Killing Tourism: Private Charter Operators taken for a ride

The Democratic Alliance (DA) has written (letter here) to the Minister of Tourism, Mmamoloko Kubayi-Ngubane, to request that she convene an urgent meeting with industry stakeholders, to address the imminent collapse of businesses operating in the private charter sector as many are expected to once again pay thousands in annual licensing fees for 2021-2022 despite being unable to operate.

The Covid-19 pandemic and ensuing global lockdown have created dire economic circumstances for many South Africans. For many whose livelihoods depend on tourism, as in the case of private charter operators who depend on international tourism for income, this has been no exception.

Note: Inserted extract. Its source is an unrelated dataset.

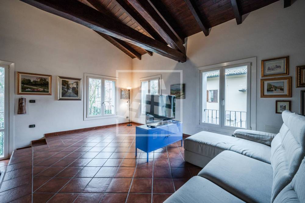 L'abitazione si apre su un luminoso salone di circa 82 mq, caratterizzato da un suggestivo soffitto in legno con travi a vista alto 5 metri e un accogliente pedana rialzata, attualmente dedicata alla zona living; completano la zona giorno una cucina abitabile in muratura, un antibagno e bagno finestrato.

Private charter operators are required to pay into the hundreds of thousands for licensing fees in advance annually. Prior to the lockdown in March 2020, operators paid their licensing fees in advance for the year 2020/2021 but were subsequently unable to operate. Despite the fact that some private charter operators are unable to operate, they are now expected to once again fork-out thousands in licensing fees for the upcoming 2021/2022 year. Considering that many private charter operators have generated no income in the last year, they are in no financial position to pay thousands more for licensing fees when there is no certainty that they would be able to operate. The logical step to assist in staving off the collapse of these businesses is to at least allow for the transfer of licensing fees from 2020/2021, for those private charter operators that paid upfront but were unable to generate income, to cover their licensing fees for 2021/2022. Every day that private charter operators are unable to pay licencing fees on their vehicles for the year 2021/2022, they are being penalised which compounds financial strain and for some is accumulating in insurmountable debt.

Government has a responsibility to, in as far as it can, alleviate the burden on business during this unprecedented economic crisis. The plight of those worst affected in the private charter space has thus far fallen on deaf ears despite being an integral part of the tourism supply chain and job creation in the sector.

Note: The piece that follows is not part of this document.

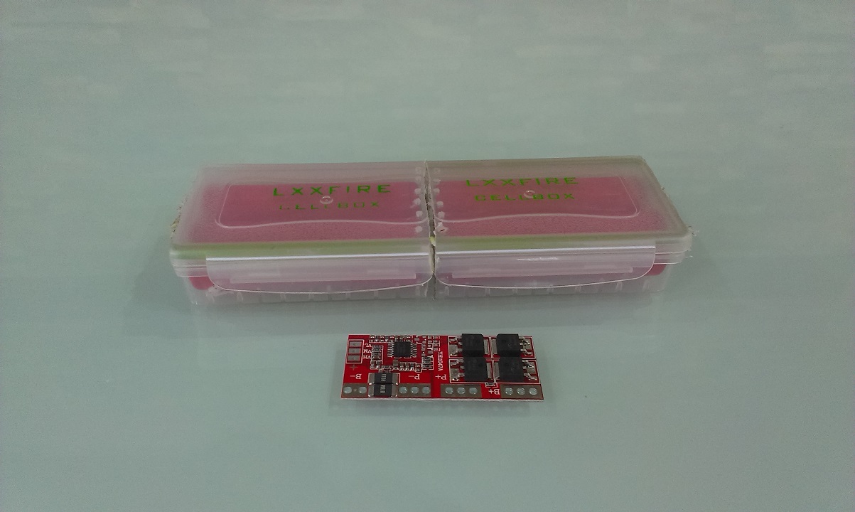 Ще разкажа процедурата в снимки, като от този червения 4 cells BMS нещо не съм много доволен. Има гадната склонност да прекъсва зареждането без да има някаква явна причина. Клетките са проверени и четирите през зарядно TURNIGY и волтажите и капацитета им са наред и реални. Panasonik 3.7v 3500ma/h 10А номинален разряд. BMS-а също е подбран да бъде подходящ, 4 клетки, charging cut 4.2v , discharging cut off 3 v 10A номинален ток без охлаждане, 15А с охлаждане и моментен до 30А. Исках да взема от зеления, който съм снимал 2-3 поста по-нагоре в темата, но е с изчерпана наличност в момента.

The DA will continue to put pressure on Minister Kubayi-Ngubane to intervene on behalf of the worst hit private charter operators and we will continue to engage and report back to stakeholders. The DA will also write to the Minister of Transport, Fikile Mbalula, to urgently intervene. Tourism will play a significant role in economic recovery once global travel restrictions are relaxed and we must ensure that the sector is intact to facilitate job creation and economic growth.